President José Raúl Mulino and Economy Minister Felipe Chapman have recently confirmed that Panama is on a definitive path to exit its last remaining discriminatory fiscal list by late 2026 or early 2027.
The “Cleanup” Strategy
The Panamanian government, through the Superintendency of Banks and the Ministry of Economy and Finance (MEF), has moved beyond mere promises. The current strategy involves the mass dissolution of inactive corporations and a rigorous update of the Unique Registry of Beneficial Owners (RUB). For expats, this means the “wild west” era of anonymous shell companies is officially over, replaced by a transparent, internationally validated system.
Why This Matters to the Expat Community
While this sounds like high-level macroeconomics, the “on-the-ground” benefits for foreign residents and investors are substantial:
- Streamlined International Transfers: One of the biggest pain points for expats is the “enhanced due diligence” performed by correspondent banks.
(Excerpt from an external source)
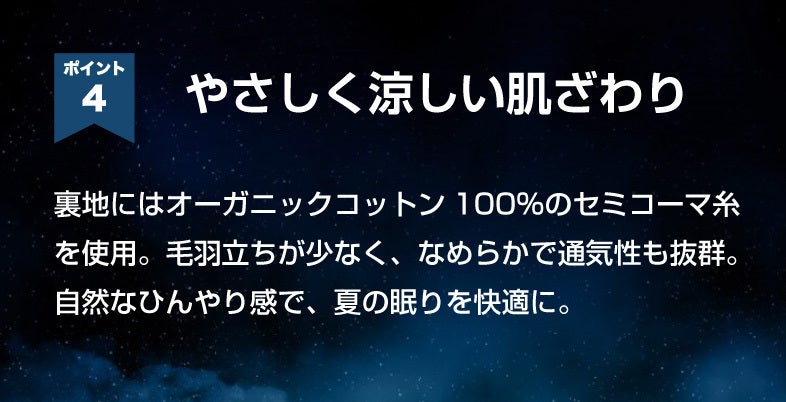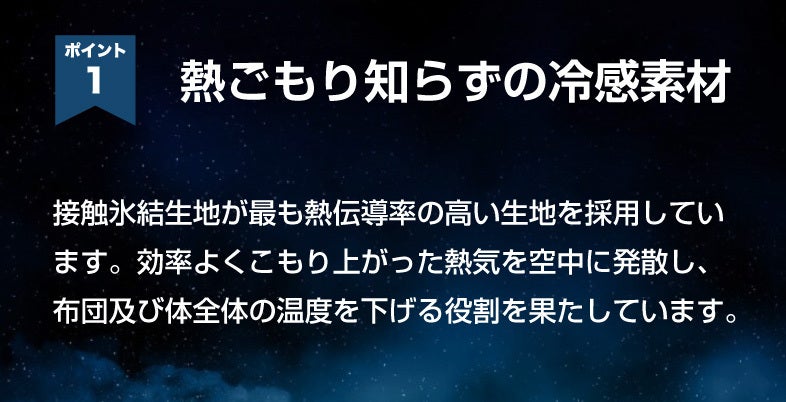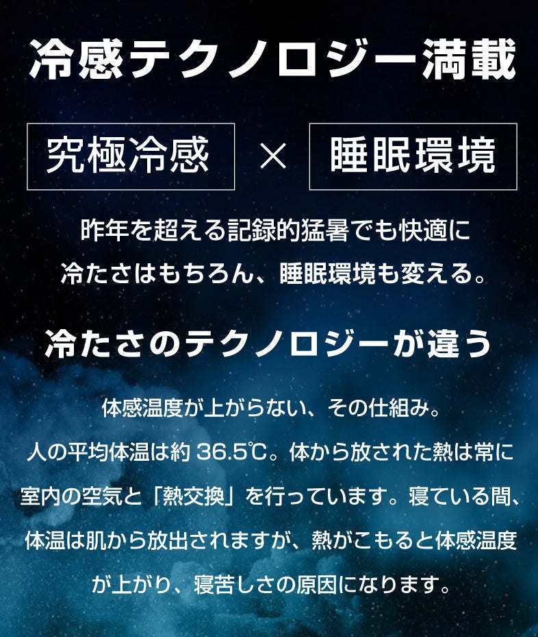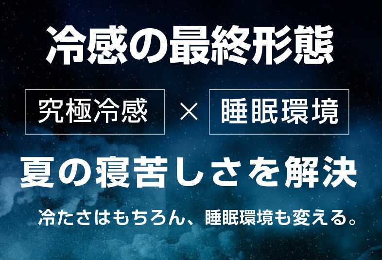 毎年更新される記録的な猛暑でもより快適へ導く究極の冷感テクノロジー夜通し持続する、至高の冷感。寝苦しい季節も、これ一枚で快適な眠りへ。

As Panama exits these lists, the friction for USD and EUR wire transfers is expected to decrease, leading to fewer funds held and faster processing times.
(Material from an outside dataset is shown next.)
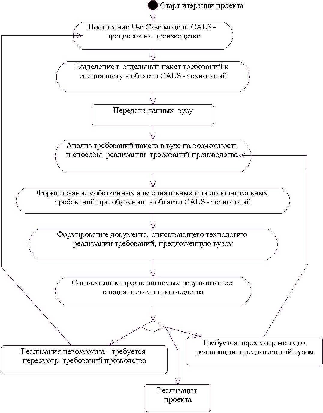 Для определенности рассмотрим проект формирования учебного плана вуза при обучении специалистов в области CALS–технологий целевым назначением для конкретного производства. Остальные взаимные требования реализуются аналогичным образом. Описание взаимодействия этапов проекта, реализующего жизненный цикл указанной задачи, проиллюстрировано на диаграмме активности UML (Рис. 1).

- Banking Stability & New Fintech: Global financial institutions that previously hesitated to enter the Panamanian market due to “reputational risk” are now looking at the country with fresh eyes. This opens the door for more competitive mortgage rates and modern fintech solutions that cater to the digital nomad and expat demographic.
- Investment Confidence: A “clean” fiscal reputation attracts institutional capital. This shift is expected to stabilize the Panama real estate market, as European and North American funds feel more secure investing in a jurisdiction that meets all OECD and EU transparency criteria.
The Road Ahead
President Mulino’s administration has been vocal: Panama is no longer willing to be a “tax scapegoat.” By aligning with global transparency standards, the country is repositioning itself as the legitimate financial capital of Latin America.
The Bottom Line While the process is “tedious and technical”—as described by government officials—the 2026-2027 window represents the most credible effort in decades to normalize Panama’s standing in the global financial stage. For the savvy resident, this is a clear signal of long-term economic stability and a more integrated future with the global economy.